The genealogical relationships of the uqcrfs1 alleles were analyzed with Bayesian statistics using BEAST v1.10.4 and BEAUTI v1.10.4 [31]. Bayesian analysis was initiated from a random starting tree and based on the Hasegawa–Kishino–Yano (HKY) mutation model [32] with gamma-distributed site rate variation, and four discrete mutation classes (HKY+G). A strict clock was predicted using the Yule model as the tree prior. The MCMC was run for 100.000.000 steps and samples were taken every 10.000 steps to calculate posterior distribution parameters. As burn-in, the first recorded 1000 trees were discarded. In addition to Eastern Mediterranean frogs, uqcrfs1 sequences of additional water frog species were included in Bayesian analysis such as the European species Pelophylax perezi (Iberian Peninsula), Pelophylax bergeri (Apennine Peninsula), P. lessonae (Central Europe), Pelophylax shqipericus (western coast of the Balkan Peninsula), Pelophylax cretensis (Crete), and the Northwest African frogs of the Pelophylax saharicus group. The uqcrfs1 sequence of N. parkeri (XM_018553056.1) was used as the outgroup. In addition, uncorrected p distances between the different evolutionary water frog lineages were calculated using MEGA11. The uqcrfs1 topology and p distances were used to define allelic groups and subgroups.
3. Results
3.1. The Structure and Evolution of the uqcrfs1 Gene in Water Frogs
The uqcrfs1 gene of P. lessonae consists of two exons (exon1: 196 bp; exon2: 611 bp) and one intron of unknown length. The CDS is 807 bp long and the corresponding protein sequence comprises 268 aas. The 5’ region of the CDS does not contain a common TATA or CCAAAT box, but has several GC-rich blocks (Figure 1). The MEME motif discovery tool revealed that the 5’ coding region contains four undefined motifs (uq motifs 1–4) and a GC box (Figure 2). The GOMo gene ontology tool showed that motif-1 and motif-2 have transcription factor and RNA binding activities. Motif-1 is conserved in all species (X. tropicalis, R. temporaria, N. parkeri); motif-2 is conserved in P. lessonae and X. tropicalis except for two single nucleotide polymorphisms (SNPs). Motif 3 is thought to function as a transcription factor; it is highly conserved, as indicated by only a single SNP between P. lessonae and X. tropicalis. Transcription factor activity is also inferred for motiv-4 which differs between X. tropicalis and P. lessonae in three SNPs. The GC box (GGGCGG) is identical to that of many other eukaryotic genes such as dihydrofolate reductase [DHFR [33] and epidermal growth factor receptor [34]. The 3’ region of the uqcrfs1 gene contains a polyA signal (AUUAAA), which is conserved except for a substitution in X. tropicalis. The polyA cleavage site is located about 12 nt downstream of the polyA signal (Figure 1).

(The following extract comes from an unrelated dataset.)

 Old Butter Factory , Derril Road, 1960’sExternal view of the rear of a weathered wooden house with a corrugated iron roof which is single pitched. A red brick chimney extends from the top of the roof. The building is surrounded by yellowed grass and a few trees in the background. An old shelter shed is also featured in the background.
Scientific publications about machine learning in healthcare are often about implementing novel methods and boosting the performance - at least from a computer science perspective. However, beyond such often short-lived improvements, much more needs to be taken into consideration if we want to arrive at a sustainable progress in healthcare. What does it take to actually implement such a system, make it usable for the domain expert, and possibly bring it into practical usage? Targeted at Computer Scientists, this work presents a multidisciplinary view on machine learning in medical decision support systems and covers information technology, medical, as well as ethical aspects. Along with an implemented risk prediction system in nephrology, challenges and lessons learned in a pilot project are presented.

The basic characteristics of the uqcrfs1 gene obtained from different frog species revealed that the length of the CDS and its corresponding protein sequence are 807 nt (268 aa) in all species except X. tropicalis (822 nt; 273 aa); it has two exons in all species studied. Exon1 is 196 nt long in all species except X. tropicalis (211 nt) and exon2 comprises 611 nt in all analyzed species. The GC content of the CDS ranges between 48.4% (X. tropicalis) and 61.4% (R. temporaria). The G/C-ending codons of the CDS vary between 44.32% (X. tropicalis) and 79.48% (R. temporaria). The G/C-ending codons of exon1 range between 61.43% (X. tropicalis) and 92.31% (P. lessonae, P. ridibundus, and R. temporaria) and for exon2 between 38.42% (X. tropicalis) and 75.37% (R. temporaria) (Table 1). Remarkably, more than 90% of codons in exon1 end with G/C except in X. tropicalis (61.43%) while only more than 68% of codons in exon2 end with G/C, and it is very low in X. tropicalis (38%). Linear regression models revealed significant relationships between the GC content of the CDS and the G/C content at the first, second, and third codon positions (R2 = 0.7219, p < 0.0003 at the first codon; R2 = 0.842, p < 0.0001 at the second codon; R2 = 0.9473, p < 0.0001 at the third codon) (Figure 2).
Species | CDSL (nt) | CDSL (aa) | GC (%) | G/C-ending codons (%) in exon (1 + 2) | Exon1 (nt) | G/C-ending codons (%) in exon1 | Exon2 (nt) | G/C-ending codons (%) in exon2 |
---|---|---|---|---|---|---|---|---|
P. lessonae | 807 | 268 | 59.9 | 75.37 | 196 | 92.31 | 611 | 69.95 |
P. ridibundus (1) | 807 | 268 | 60.0 | 75.37 | 196 | 92.31 | 611 | 69.95 |
P. ridibundus (2) | 807 | 268 | 59.6 | 74.25 | 196 | 92.31 | 611 | 68.47 |
P. ridibundus (3) | 807 | 268 | 59.9 | 75.37 | 196 | 92.31 | 611 | 69.95 |
N. parkeri | 807 | 268 | 59.9 | 77.24 | 196 | 86.15 | 611 | 74.38 |
R. temporaria | 807 | 268 | 61.4 | 79.48 | 196 | 92.31 | 611 | 75.37 |
X. tropicalis | 822 | 273 | 48.4 | 44.32 | 211 | 61.43 | 611 | 38.42 |
- Note: CDSL, length of the coding sequence.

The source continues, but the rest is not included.